Art and Revolution, Empire, and Race: France and Haiti from the 18th to the mid-19th century
Tuesday, Thursday: 5:00-6:30pm
This course will focus on the art precipitated by the intertwining French and Haitian Revolutions. How, we ask, did art contend with this violent period of political and cultural upheaval, repeated revolutions, regime changes, the abolition and reinstatement of slavery in France’s Caribbean colonies, followed by the founding of Haiti, the first modern nation forged by slaves and free persons of color who defeated their masters? Yet slavery and empire had mixed rather than segregated races, creating gens de couleur (people of color) and whites and blacks who were redefined as Creoles. According to the French, all persons born in the colonies were Creoles, regardless of race. This class will examine visual representations of racial difference in a society haunted by anxieties about racial purity and miscegenation. Defined at once as foreigners and colonial “relations,” Creoles moved to France and were prominent in artistic and literary culture; some French artists in turn moved to Haiti to paint for the government.

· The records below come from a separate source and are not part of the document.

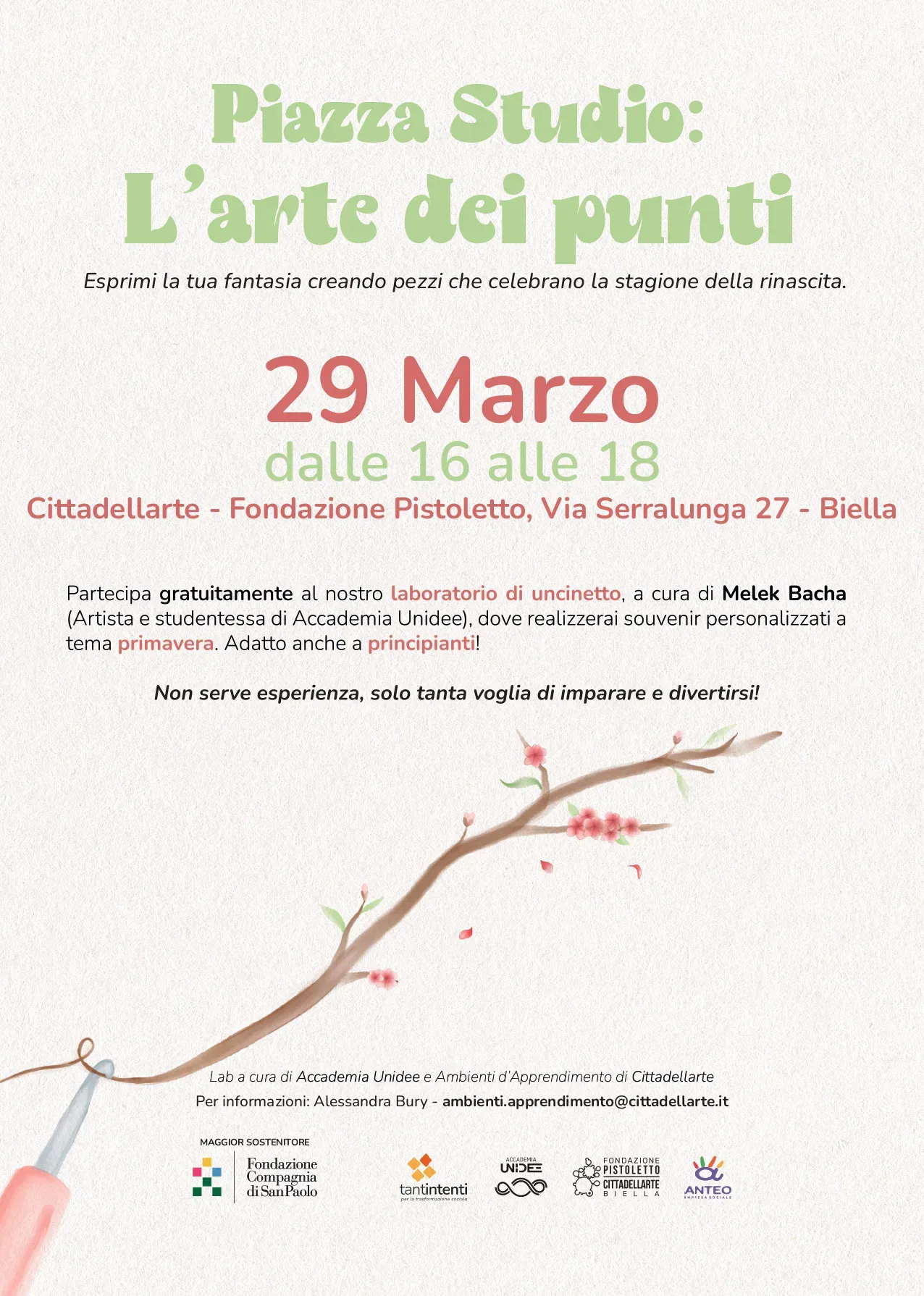 Piazza Studio: lo spazio per studenti di Cittadellarte ospita il laboratorio di uncinetto “L’arte dei punti”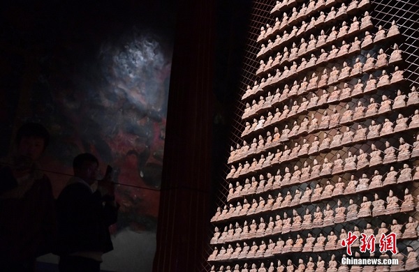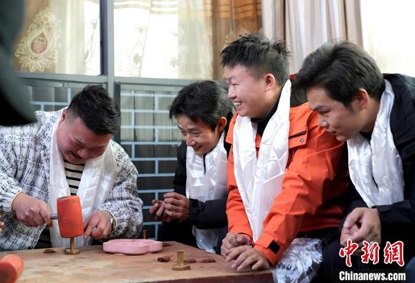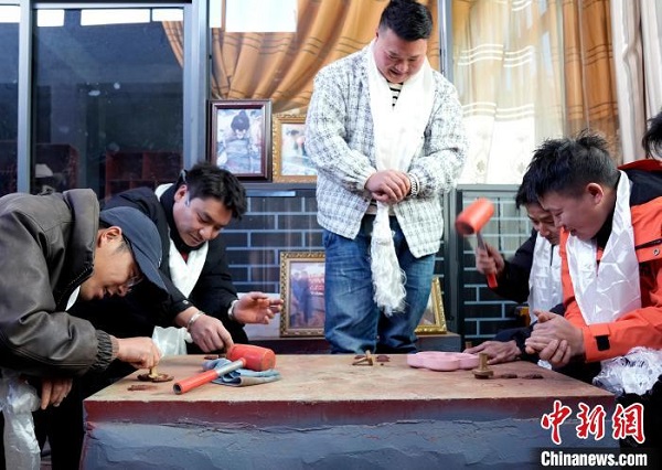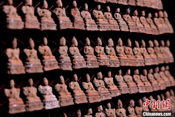 Le mot ? tsha tsha ? est la translittération tibétaine du sanskrit, qui signifie ? réplique ?. Il s'agit d'une petite statue de Bouddha faite avec un matériau tel que l'argile molle qui est comprimé dans un moule dédié, puis pressé pour obtenir sa forme finale, ce qui est un art unique du moulage de sculptures en argile au Xizang. Les photos du 2 mars montrent une salle d'exposition de la culture tibétaine de tsha tsha dans la banlieue nord de Lhassa, au Xizang, où des visiteurs présentent les tsha tsha qu'ils ont faits.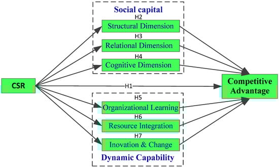 Arguably, resource-based view (RBV) of the firm is established as a compelling conceptualization of the firm’s CA [19,20]. The RBV views organization resource as well as capacity as the main origins of CA. Organization resources can be tangible or intangible. Social capital (SC) as an intangible resource can bring convenience to the actors, which is embedded in the social network of enterprises [21]. Presently, SC has increasingly attracted many scholars’ attention. It has been found that enterprises with more CA can gain CA easier, because networking of internal and external relations has become increasingly prevalent across society [22,23]. Besides organization resources, the capability of enterprises can also significantly affect CA, especially presently, when enterprises are amid highly dynamic and changeable internal and external environments. Scholars claim that in such an environment, dynamic capabilities (DCs) make enterprises able to make appropriate responses and adjustments quickly, and this is very important for enterprises to obtain and maintain CA [24,25]. In contrast to common enterprise capabilities, DCs are the combination of an enterprise’s high-level capabilities. Many scholars have explained the different performances of enterprises under similar environments and organization resource constraints from the perspective of DCs [26,27]. However, both SC and DCs have been ignored in the research to date which examines the correlation between CSR and CA.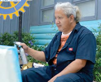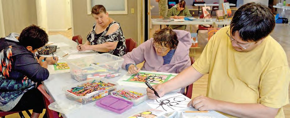 Top: Touchwood Park artists hard at work. Bottom left: A needle felt creation by Donna Freeman. Bottom middle: A close up of Rrain Prior’s work in progress embroidery. Bottom right: Clemente Villamayor Jr. carefully considers his ‘canvas’. See more weekend activities on Page 12.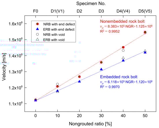 The electromagnetic wave velocity in rock bolts, which depicts the ratio of round-trip travel distance to time difference (Δtend) between t0 and tend, is summarized for all non-embedded rock bolts in Table 1 and plotted in Figure 12. The velocity of the electromagnetic waves in the fully grouted rock bolt (F0) in the non-embedded condition is 1.125 × 108 m/s. In the cases of the defective rock bolts with non-grouted parts at the ends, the velocities of electromagnetic waves in D1, D2, D3, D4, and D5 are 1.208 × 108, 1.269 × 108, 1.358 × 108, 1.452 × 108, and 1.547 × 108 m/s, respectively. The velocity in F0 is lower than that in the rebar (vp = 2.649 × 108 m/s). Furthermore, the velocities in defective rock bolts with non-grouted parts at ends are greater than the velocity in F0. The velocity increases linearly with an increase in the NGR, as shown in Figure 12. The coefficient of determination (R2) for the relationship between the velocity and the non-grouted ratio is 0.9952. This indicates that the velocity can be used to evaluate non-grouted ratios with high reliability.

These years witnessed extraordinary transformations both in French art and the art made in Haiti to represent the new nation. While French art of this period was once explained in terms of a shift in styles (Rococo to Classicism to Romanticism), this course will examine the relation between artistic and political change, considering not only institutional pressures upon artists but also the shifting conceptions of art’s purpose and audience during revolutions in both the metropole and the colonies. Among those to be examined are the French artists David, Girodet, Gericault, Delacroix and Courbet; the Creole painters Guillaume Guillon-Lethière born in Guadeloupe, and Théodore Chassériau born in Haiti; the black model Joseph born in Haiti and the mixed-race model known as Aspasie. We will also read some of the extensive literature about protagonists of color written by mixed-race authors such as Alexandre Dumas père whose black father was born in Haiti and served as General under Napoleon, and French authors such as Victor Hugo, Georges Sand, and Honoré Balzac.
This course fulfills the following requirements for the History of Art major: Geographical area (A) or (E), and Chronological period (III), based on the topic of the final research paper or project.